Lentz himself has deep roots in the community and says his great-grandfather was very lucky that his parents, Nicholas and Margaret Brown, live in Wicklow Township. In the 1880s, Lentz’s great-grandfather, Urban Brown, worked in the Cross Lake (now Lyell Lake) area of ​​Lyell Township for the MacLaughlin Lumber Company, squaring and cutting pine lumber. transport to Old North Road, which was a war route from Maynooth to the Egan Estate on the Madawaska River.

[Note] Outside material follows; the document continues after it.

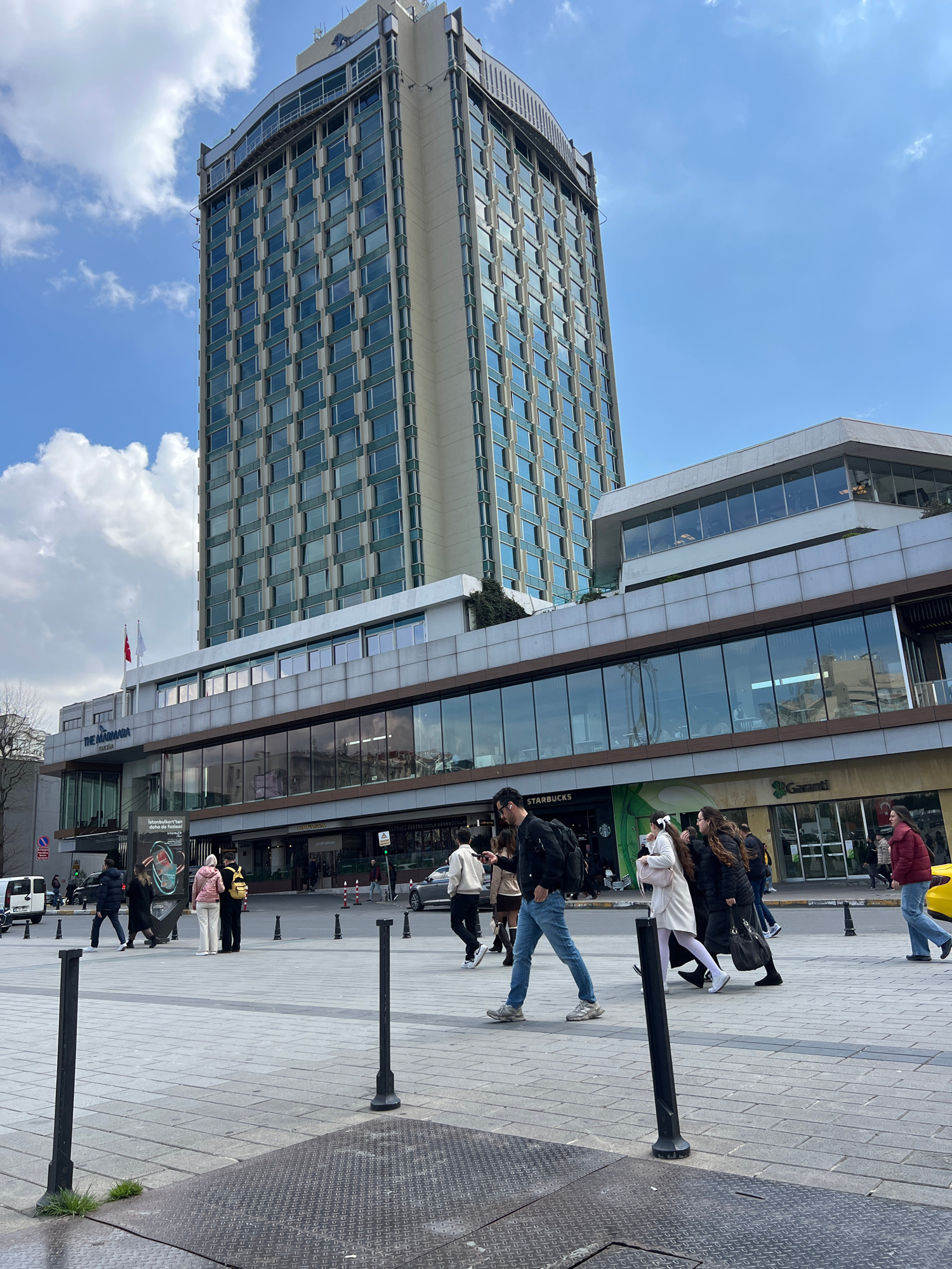 The image captures an urban scene in Beyoğlu, Turkey, featuring a mix of modern architecture and pedestrian activity. **Environment:** The scene is set on a paved pedestrian walkway adjacent to a mul…read more

“He had seen land that he thought would be a large farm and he built a shelter for his team of horses. He married Sarah Anne Livingstone and lived with his parents in Pleasant Valley, then in 1896 he built his log house and moved to Cross Lake when my grandmother was born… Many in-laws from Urban would follow. its track called Cross Lake Road. but did not stay. But many of his children would marry and stay, ”he said.

Lentz says he has done a tremendous amount of research into the history of the area, and what impressed him the most were the first settlers who came to the area and despite the hardships, made their home in Lyell Township. He says that in his research it was interesting that while some people held on and made their homes despite adversity, others gave up and moved on.

“They had to maintain the road along their property and have log houses built at least 20 feet by 18 feet. They had to take possession within a month and have, within four years, 12 acres of cultivated land to get the free land and the concession, ”he says. “I also discovered that Lyell was named after Charles Lyell, a Scottish geologist who demonstrated the power of known natural causes to explain the history of the Earth.”